1. The MCP lifecycle
Every MCP session moves through the same five steps. The client initialises a connection, discovers what the server can do, negotiates the shared capability set, invokes individual tools or resources, and waits for typed responses.
- 1
Initialize
- 2
Discover
- 3
Negotiate
- 4
Invoke
- 5
Respond
2. Transports
MCP carries its JSON-RPC payload over one of three transports. Pick based on whether the server runs locally with the client, as a daemon, or on the edge.
stdio
Server runs as a child process of the client. Zero network surface.
HTTP
Server runs as a daemon, client connects via HTTP. Best for production.
SSE
Server-Sent Events for long-lived streaming responses.
3. JSON-RPC communication
MCP is JSON-RPC 2.0 with a small set of well-known methods. Here
is a typical tools/list exchange:
{
"jsonrpc": "2.0",
"id": 1,
"method": "tools/list"
} {
"jsonrpc": "2.0",
"id": 1,
"result": {
"tools": [
{
"name": "posts.create",
"description": "Create a new WordPress post",
"inputSchema": { ... }
}
]
}
} 4. Tools, resources & prompts
Three primitives, three jobs:
- Tools — verbs 14
- Resources — data 8
- Prompts — recipes 5
5. Capabilities
During the initialize step, server and client exchange a capability map.

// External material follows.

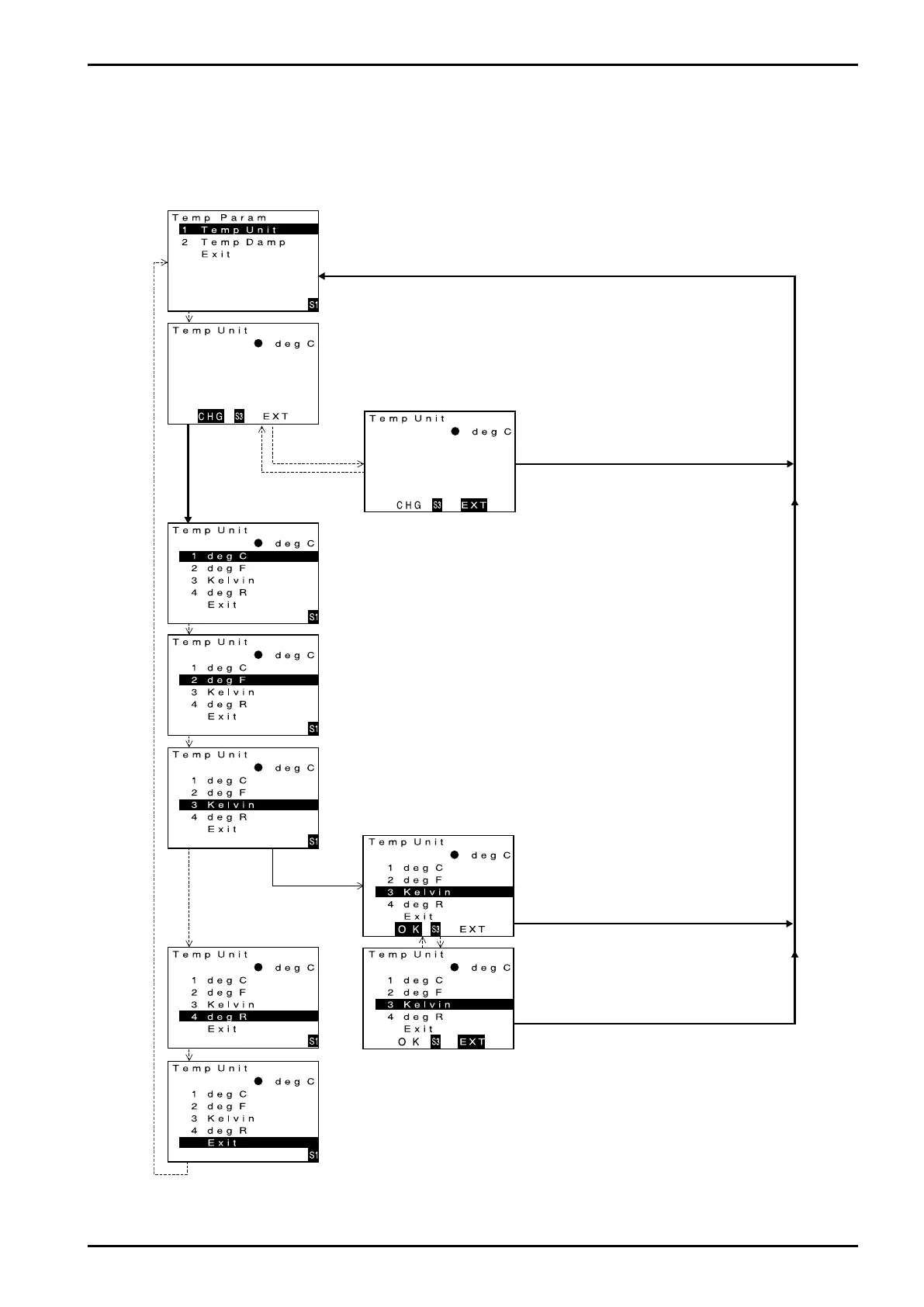 Move the cursor to the desired item, operate "SEL 1" to bring up temperature unit setup
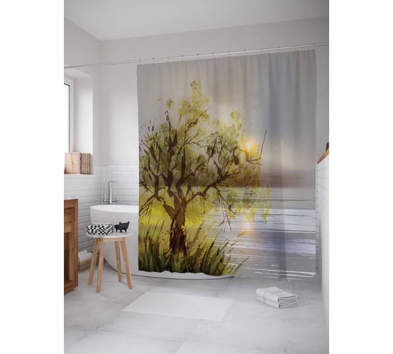 Штора (занавеска) для ванной JoyArty "Солнце отдыхает на ветках" из сатена, 180х200 см с крючками, sc_15849

The client learns what verbs the server exposes; the server learns which features the client supports (sampling, roots, log levels, progress notifications).
6. Context flow
A single user prompt usually triggers a small graph of tool calls. The agent plans, calls a tool, reads the response, optionally fetches a resource, calls another tool, and finally returns text to the user. Every step is logged and replayable.
7. Why it matters
Without MCP, every AI integration is bespoke — a custom prompt, a custom JSON shape, a custom auth flow per client. MCP collapses that into a single typed protocol so the WordPress server you build once works in Claude, ChatGPT, Cursor, and every future client.